[[ Data to examine, beginning ]]

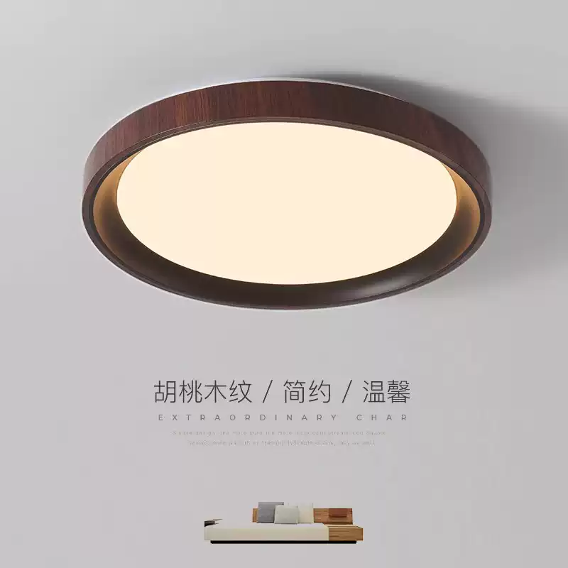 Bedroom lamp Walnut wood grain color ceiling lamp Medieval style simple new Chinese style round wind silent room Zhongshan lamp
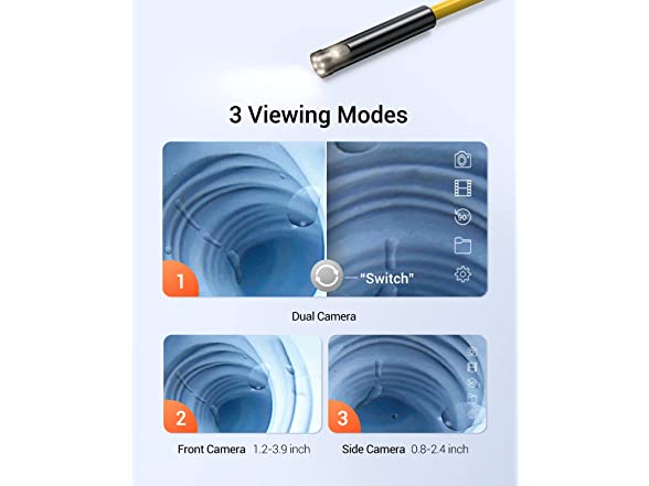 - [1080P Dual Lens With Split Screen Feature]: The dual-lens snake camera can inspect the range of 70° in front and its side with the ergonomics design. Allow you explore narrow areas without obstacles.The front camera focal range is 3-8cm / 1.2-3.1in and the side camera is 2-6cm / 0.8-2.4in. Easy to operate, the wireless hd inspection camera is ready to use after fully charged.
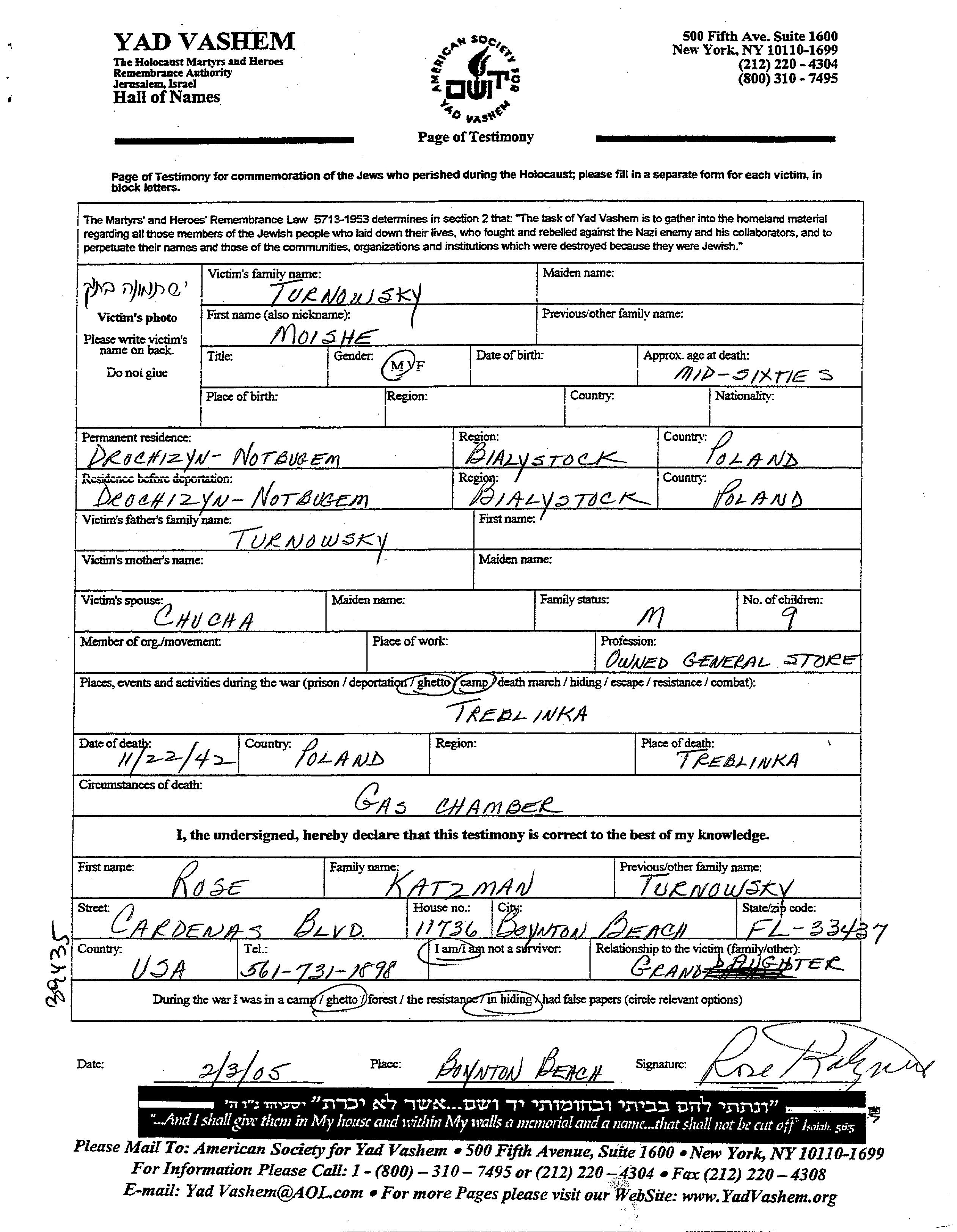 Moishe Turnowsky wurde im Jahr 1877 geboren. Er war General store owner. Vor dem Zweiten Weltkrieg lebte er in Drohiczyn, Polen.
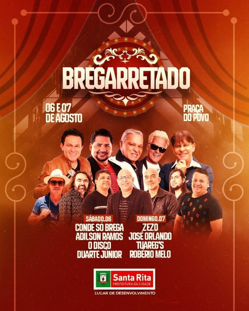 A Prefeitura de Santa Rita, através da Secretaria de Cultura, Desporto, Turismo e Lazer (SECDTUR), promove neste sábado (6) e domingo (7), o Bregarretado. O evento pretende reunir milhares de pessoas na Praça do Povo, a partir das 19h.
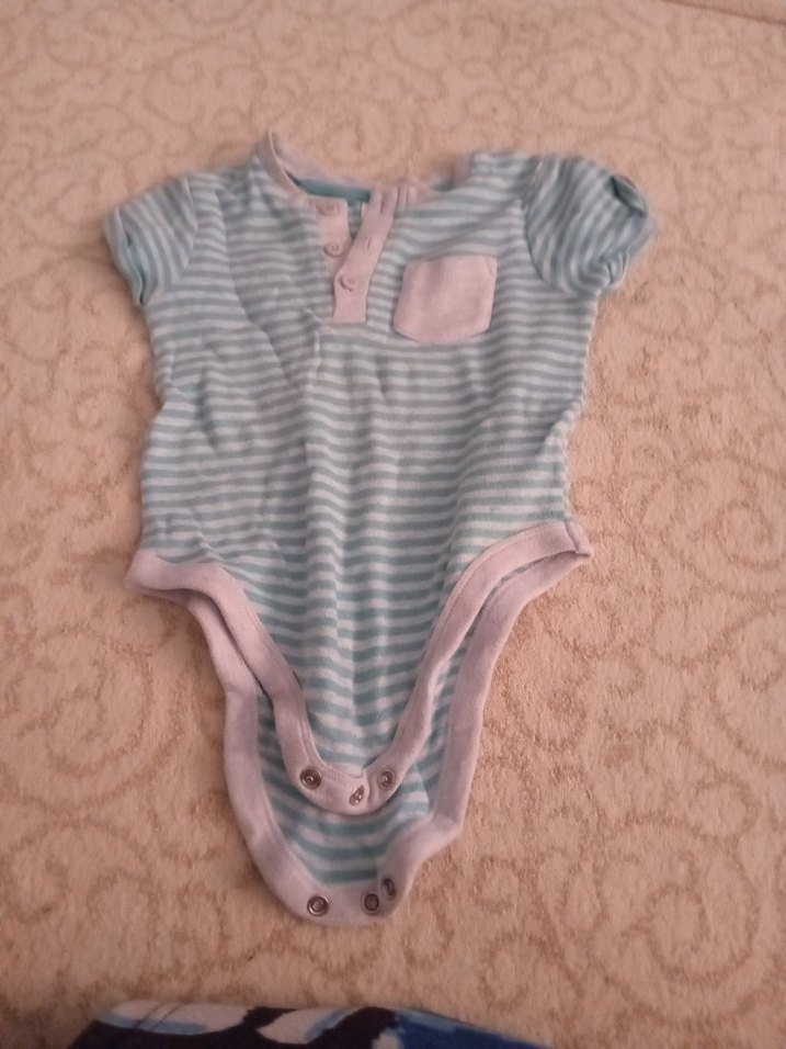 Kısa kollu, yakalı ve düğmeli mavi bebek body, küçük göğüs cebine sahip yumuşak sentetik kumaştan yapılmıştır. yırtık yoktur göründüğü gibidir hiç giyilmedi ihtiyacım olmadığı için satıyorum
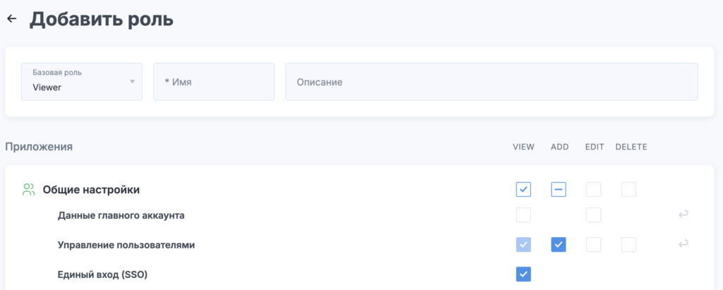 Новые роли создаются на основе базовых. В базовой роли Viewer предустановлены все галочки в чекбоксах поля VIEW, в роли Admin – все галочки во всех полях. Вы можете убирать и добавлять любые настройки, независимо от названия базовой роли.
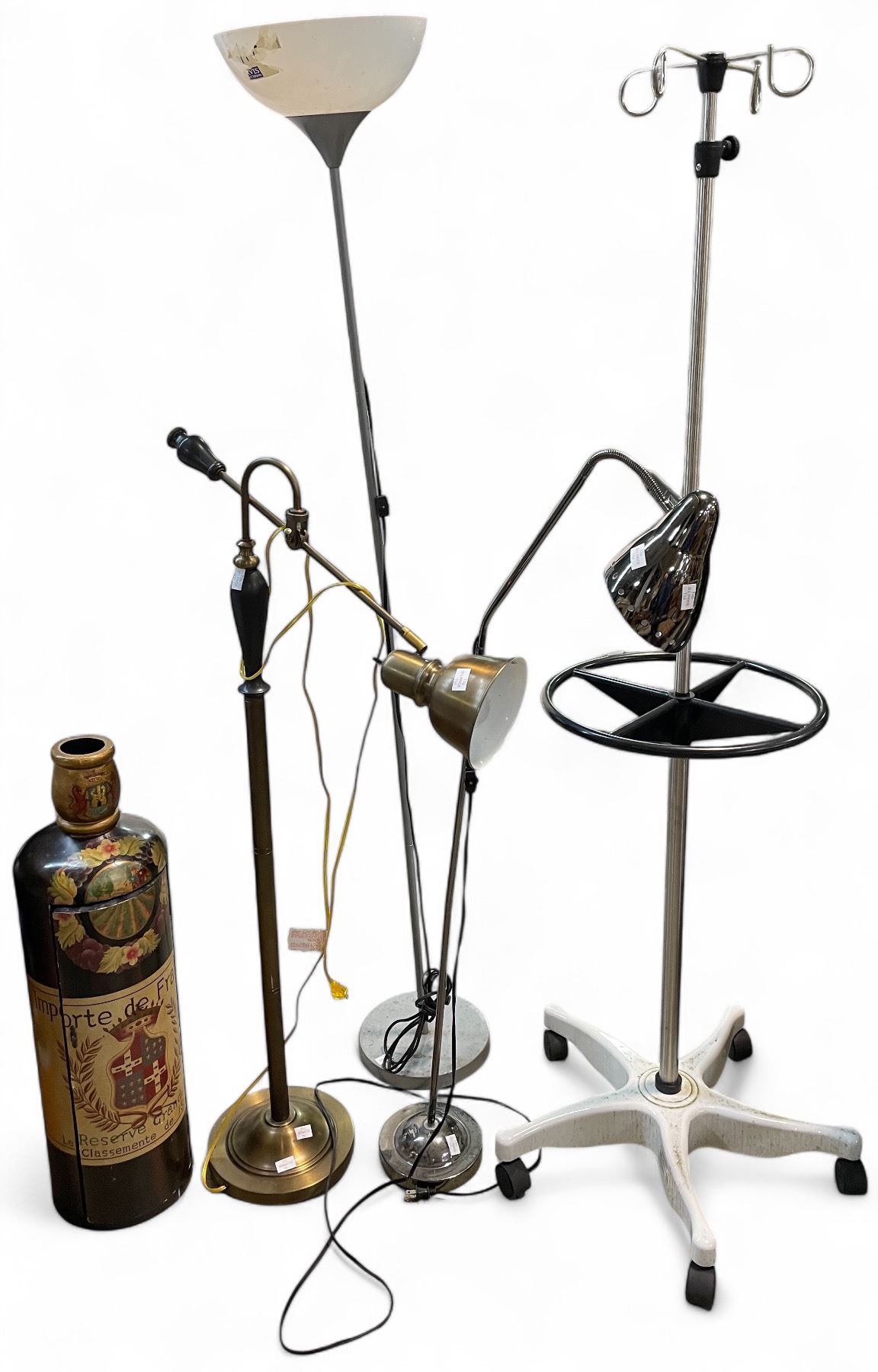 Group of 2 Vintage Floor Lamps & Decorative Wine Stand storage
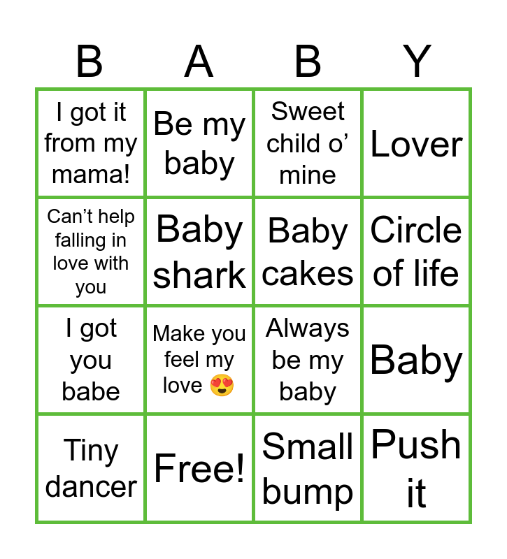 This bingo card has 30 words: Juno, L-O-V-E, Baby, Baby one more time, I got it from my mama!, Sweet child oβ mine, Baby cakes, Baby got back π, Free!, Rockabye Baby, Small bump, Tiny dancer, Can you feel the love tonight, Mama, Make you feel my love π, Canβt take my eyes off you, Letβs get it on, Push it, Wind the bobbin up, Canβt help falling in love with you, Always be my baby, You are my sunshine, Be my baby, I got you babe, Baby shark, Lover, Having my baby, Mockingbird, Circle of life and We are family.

[[ Data to examine, end ]]

• Goal of the exercise
From the records above, copy exactly the stretch from the line holding "Новые роли создаются" through the line holding "Group of 2 Vintage", both ends included, without the pictures.

• Response to the task
 Новые роли создаются на основе базовых. В базовой роли Viewer предустановлены все галочки в чекбоксах поля VIEW, в роли Admin – все галочки во всех полях. Вы можете убирать и добавлять любые настройки, независимо от названия базовой роли.
 Group of 2 Vintage Floor Lamps & Decorative Wine Stand storage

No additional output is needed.